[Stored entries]

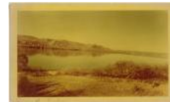
Round Lake taken from the school property : across the Lake is the Reserve (13d-c5710-d27)
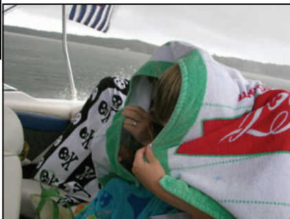
Below: Oh, my! What a lot of wind and rain.
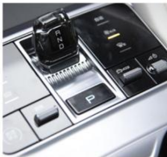
Switch Key Of Economic Mode And Sport Mode
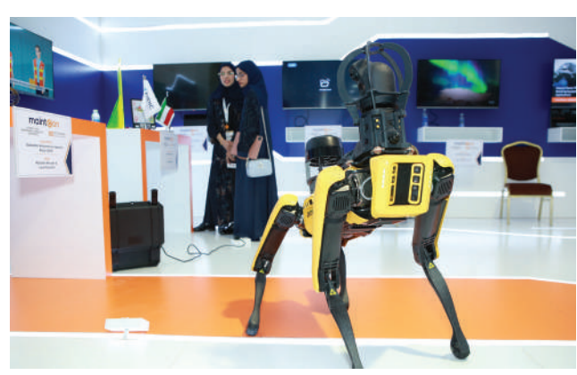
The Substation Autonomous Inspection Robot (SAIR), which became one of the main attractions in the Exhibition Area.
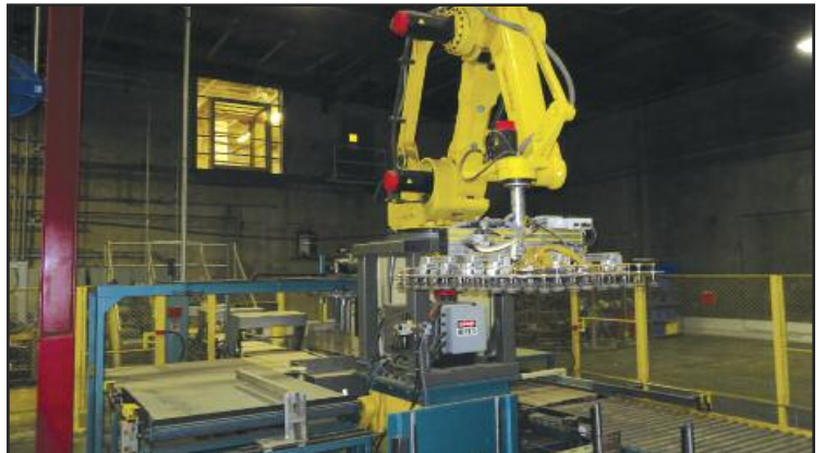
Fanuc M410i Robotic Loader
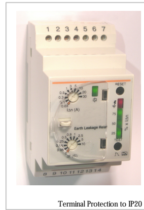
Dims: to DIN 43880 W. 44mm
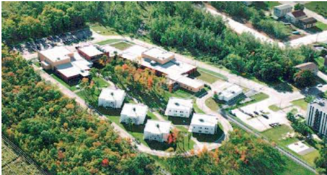
Above: Joliette Institution

The new arrangements for women prisoners in the CSC were based on the thinking in the report of the task force. Ten years after the last of the five units was opened one can assess some of the outcomes.
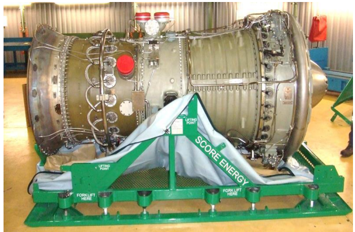
Engine in transportation cradle (2)

## [About this task]
Pictures should be left out when the records above are restated exactly.

## [Task answer]
Round Lake taken from the school property : across the Lake is the Reserve (13d-c5710-d27)
Below: Oh, my! What a lot of wind and rain.
Switch Key Of Economic Mode And Sport Mode
The Substation Autonomous Inspection Robot (SAIR), which became one of the main attractions in the Exhibition Area.
Fanuc M410i Robotic Loader
Dims: to DIN 43880 W. 44mm
Above: Joliette Institution

The new arrangements for women prisoners in the CSC were based on the thinking in the report of the task force. Ten years after the last of the five units was opened one can assess some of the outcomes.
Engine in transportation cradle (2)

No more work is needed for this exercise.